> AIM OF THE EXERCISE
In the material below, find the span from the line with "Элегантная и модная" to the line with "Ce garage est" and transcribe only those lines, exactly, ends included, without the pictures.

───── TASK DATA ─────

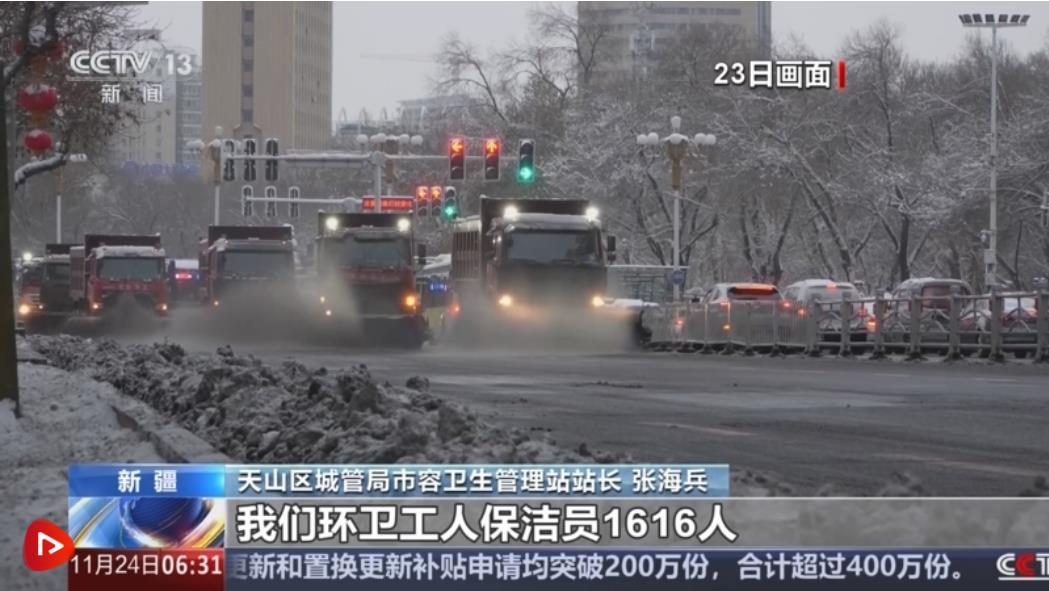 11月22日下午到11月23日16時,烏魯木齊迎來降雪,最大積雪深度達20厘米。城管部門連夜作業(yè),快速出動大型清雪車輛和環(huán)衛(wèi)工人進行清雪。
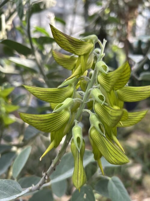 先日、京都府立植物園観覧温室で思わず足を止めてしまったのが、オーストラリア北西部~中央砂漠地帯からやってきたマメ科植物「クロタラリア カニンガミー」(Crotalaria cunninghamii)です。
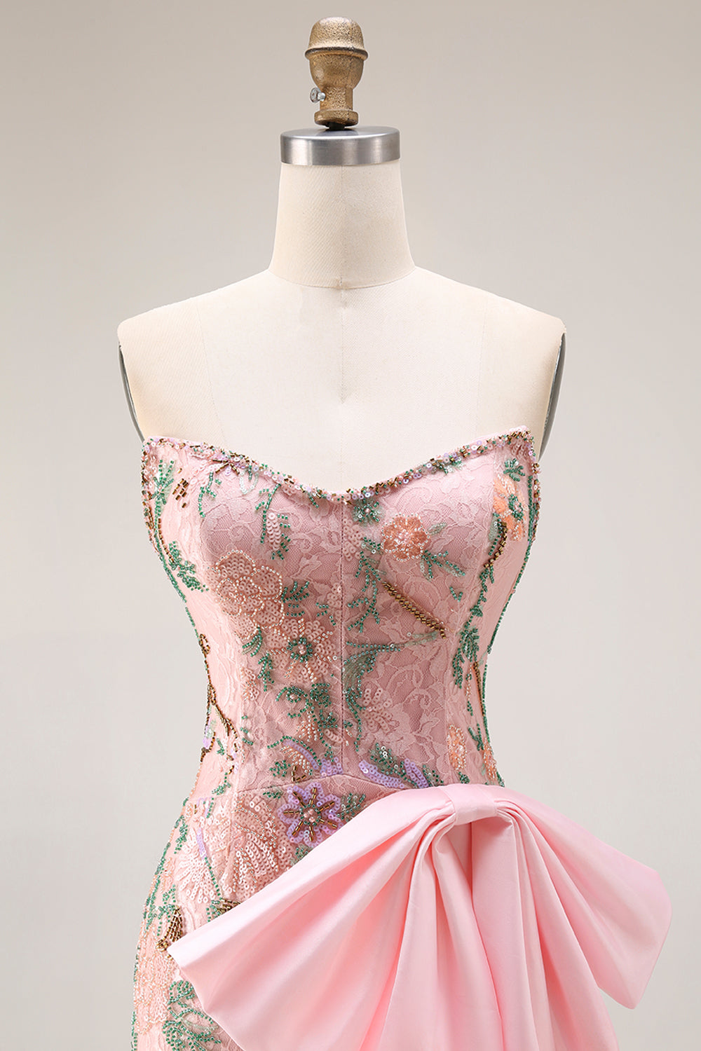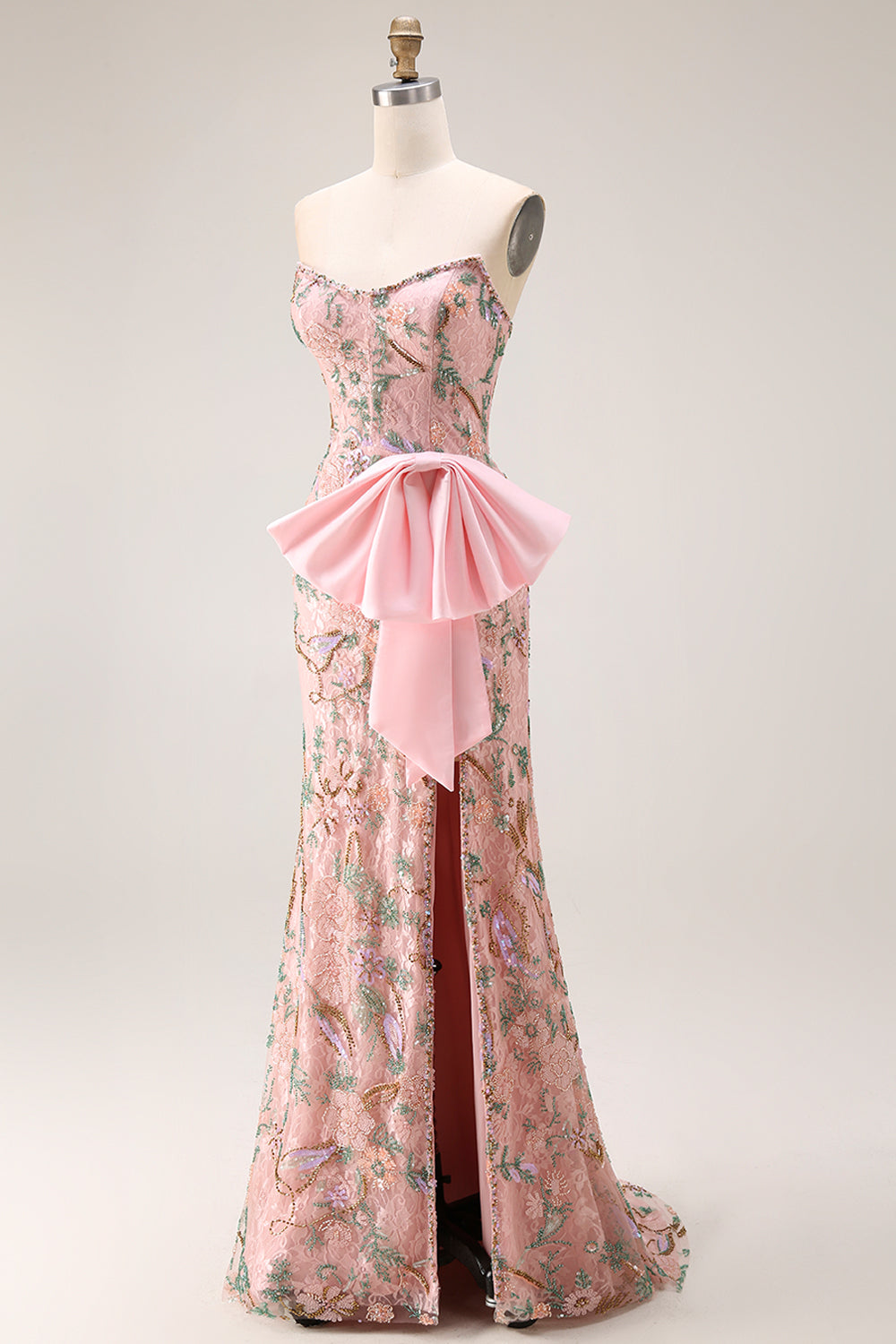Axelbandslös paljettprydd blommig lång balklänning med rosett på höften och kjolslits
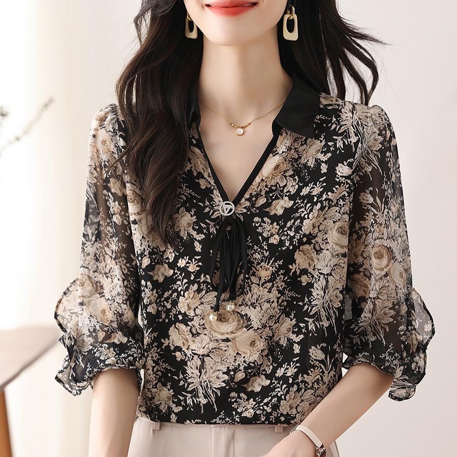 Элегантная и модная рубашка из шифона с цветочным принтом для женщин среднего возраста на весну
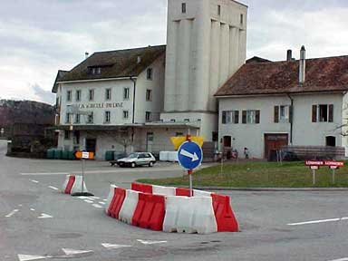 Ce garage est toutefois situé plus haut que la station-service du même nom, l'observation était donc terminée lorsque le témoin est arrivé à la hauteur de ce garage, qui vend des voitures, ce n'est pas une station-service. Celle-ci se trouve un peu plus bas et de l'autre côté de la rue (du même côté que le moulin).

─────
───── TASK DATA ─────

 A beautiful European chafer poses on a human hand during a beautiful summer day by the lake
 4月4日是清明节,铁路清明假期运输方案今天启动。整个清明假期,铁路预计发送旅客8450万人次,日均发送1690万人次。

─────
───── TASK DATA ─────

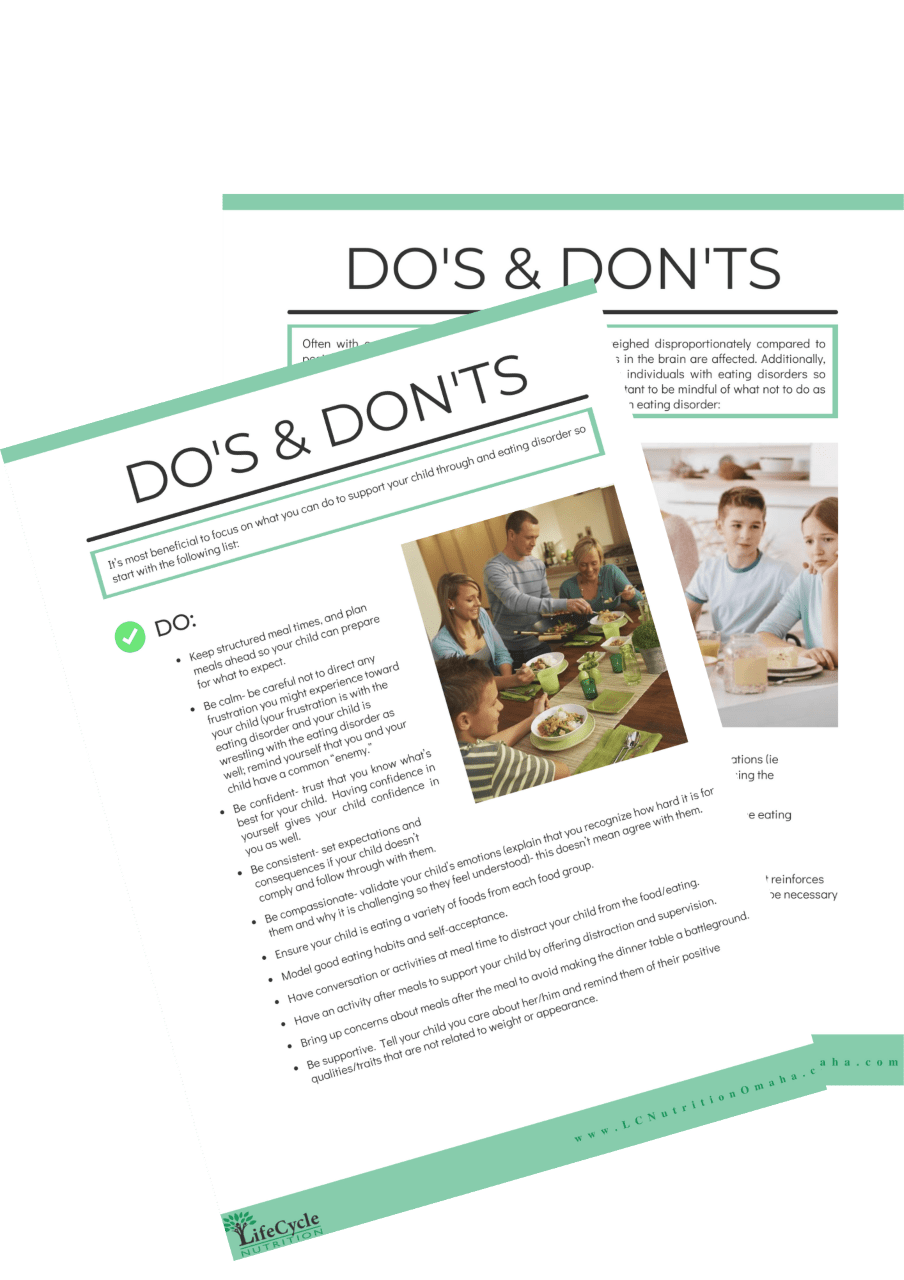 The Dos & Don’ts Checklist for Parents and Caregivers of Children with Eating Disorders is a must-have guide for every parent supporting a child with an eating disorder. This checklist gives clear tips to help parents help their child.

─────

> RESPONSE TO THE EXERCISE
 Элегантная и модная рубашка из шифона с цветочным принтом для женщин среднего возраста на весну
 Ce garage est toutefois situé plus haut que la station-service du même nom, l'observation était donc terminée lorsque le témoin est arrivé à la hauteur de ce garage, qui vend des voitures, ce n'est pas une station-service. Celle-ci se trouve un peu plus bas et de l'autre côté de la rue (du même côté que le moulin).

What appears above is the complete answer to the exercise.